In the embodiment, the positive electrode sheet 21 has the positive electrode active material layer 21b on both sides, but the positive electrode sheet 21 may have the positive electrode active material layer 21b only on one side.
In the embodiment, the negative electrode sheet 22 has the negative electrode active material layer 22b on both sides, but the negative electrode sheet 22 may have the negative electrode active material layer 22b only on one side.

  In the embodiment, the positive electrode current collecting tab 31 and the negative electrode current collecting tab 32 are folded in a state of being collected (bundled) within a range from one end to the other end in the stacking direction of the electrode assembly 14. However, the positive electrode current collecting tab 31 and the negative electrode current collecting tab 32 may not be collected.

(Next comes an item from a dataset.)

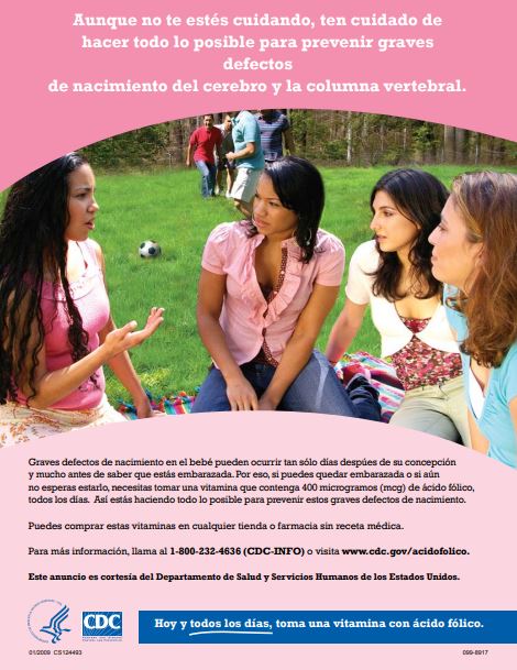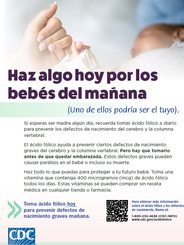 - CDC's free Spanish resources help educate and support patients in understanding the importance and benefits of folic acid.

The number of the positive electrode sheet 21 and the negative electrode sheet 22 constituting the electrode assembly 14 may be changed as appropriate.
The shape of the case 11 may be formed in a columnar shape or an elliptical column shape that is flat in the left-right direction.

  The present invention may be embodied as a nickel hydride secondary battery as an electricity storage device or an electric double layer capacitor.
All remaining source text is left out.